Pase de permanencia
Mi amigo se deshizo en elogios ante los cuidados y la calidad de la asistencia sanitaria pública andaluza
He recibido una carta de un amigo al que hace tiempo no veía. No sé exactamente su edad pero debe rondar los 35. Acaba de tener una hija y está loco de contento. Entre todas las fotos de ese día de la que se muestra más orgulloso es de aquella en la que su hija mayor, fruto de un matrimonio anterior y ya adolescente, toma en sus brazos al bebé con una singular expresión de amor. Pienso en cuánto ha cambiado la sociedad, cómo se han borrado las fronteras familiares, cómo han desaparecido palabras como hermanastro, con ese feo sufijo que dividía los afectos por el porcentaje de la sangre y cómo, en la actualidad, hay segundos hijos tan deseados por los padres como por los hermanos ya mayores. Los que procedemos de familias numerosas, en las que día sí y otro también, queríamos asesinar a alguno de nuestros hermanos, no podemos comprender esa ansia de tener un compañero de infancia, ni sabemos nada de soledades infantiles, ni de esa nueva tristeza de carecer de recuerdos infantiles compartidos.
Mi amigo está feliz ante esa nueva oportunidad que le da la vida. Asistió al parto, cortó con mano temblorosa el cordón umbilical que inauguraba esta nueva vida, gastó la batería de la cámara haciendo fotos en la habitación del hospital y besó interminablemente a su mujer. Se deshizo en elogios ante los cuidados y la calidad de la asistencia sanitaria. Tanto que escribió: “Un millón de gracias a la sanidad pública andaluza. A pesar de los recortes y las dificultades, es un privilegio tener a nuestro servicio este nivel de atención y de dedicación plena. No lo valoramos lo suficiente. Hay que pelear por conservarlo”.
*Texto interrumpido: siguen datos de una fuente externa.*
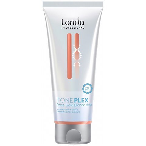 Londa Professional Toneplex mask - maska Rose Gold Blonde z intensywnymi pigmentami i technologią Proplex odświeża ciepłe odcienie blondu, nadając włosom różowozłoty odcień, jednocześnie odbudowując wiązania wewnątrz włosów. Neutralizuje zielone tony we włosach. Delikatna, przebadana dermatologicznie formuła gwarantuje wysoką jakość koloru. Technologia Proplex z kwasem maleinowym wzmacnia wewnętrzną strukturę włosa.
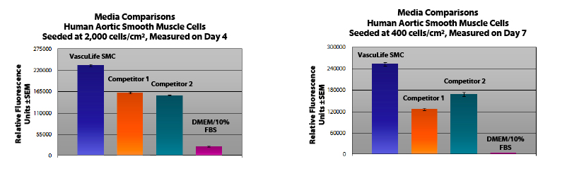 VascuLife?SMC培養(yǎng)基通過至少15個群體倍體培養(yǎng)人平滑肌細胞,達到或超過其他商用含血清培養(yǎng)基,同時保持良好的細胞形態(tài)。與其他商業(yè)媒體相比較,VascuLife?在不同的播種密度下表現(xiàn)出較好的增殖能力。

Al terminar el parto y una vez que su mujer estaba ya en planta, se dirigió al mostrador para devolver la bata verde y recoger sus pertenencias. En ese momento no pudo evitar romper a llorar. El personal sanitario le daba palmadas en la espalda, intentaban calmarlo. “Es normal. Es una experiencia muy emocionante”. Él movía su cabeza negativamente. No es eso, les dijo. Y salió precipitadamente del hospital.
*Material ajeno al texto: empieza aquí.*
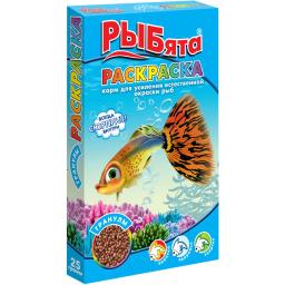 Корм «РЫБята РАСКРАСКА» для большего богатства красок. В этом корме есть все необходимое для правильного питания и развития рыбок, в том числе витамины, микро- и макроэлементы. Кроме того, он содержит натуральные компоненты, способствующие проявлению яркой сверкающей окраски рыбок.

Fuera la prima de riesgo bailaba al son siniestro de los mercados. En Grecia habían ganado los de siempre, con la ayuda inestimable de toda una presión internacional organizada para evitar a la peligrosa izquierda radical. La democracia seguía tambaleándose ante el poder del dinero y los políticos daban nuevas lecciones de impotencia y de desconocimiento de la realidad.
Cerca del hospital, enfermeras, médicos, funcionarios de la administración, interinos y amenazados por nuevos ERE se manifestaban contra las amenazas y los recortes. No es cierto que no estén dispuestos a sacrificarse, es que nadie conoce la hoja de ruta de estas políticas. Si de verdad alguien garantizase que la pérdida de un 10%, de un 20% de su salario sirviera para crear empleo, para salir definitivamente de esta espiral de la crisis económica, la mayoría no dudaría en hacerlo. El problema es que los sacrificios se hacen ante un Dios desconocido e insaciable, sin que siquiera corresponda bajando nuestra prima de riesgo o creando unos millares de empleos en nuestra tierra.
Mi amigo lleva más de un año en paro. No es tan joven como para quitarle importancia a estos años oscuros y esperar mejores tiempos, pero tampoco es tan mayor como para tener a la vista las pequeñas ventajas de la jubilación. De los buenos tiempos solo le quedan algunas cotizaciones de contratos inestables a tiempo parcial, un enorme televisor de plasma y unos cuantos meses de paro que ya ha consumido. Si la crisis se prolonga cuatro o cinco años más, cumplirá 40 años y empezará a ser muy mayor para un mercado laboral cada vez más exigente. Tiene la impresión de estar a mitad de camino, en tierra de nadie o, peor, navegando en un velero sin la menor señal de que exista una tierra cercana.
Al salir del hospital no lloraba por la emoción de contemplar a su hija recién nacida. Las cosas buenas no te hacen llorar de esa manera. Fue al observar sus pertenencias que todavía llevaba en la mano: su cartilla de desempleo y cinco euros cuidadosamente doblados, metidos en el plástico de su pase de permanencia.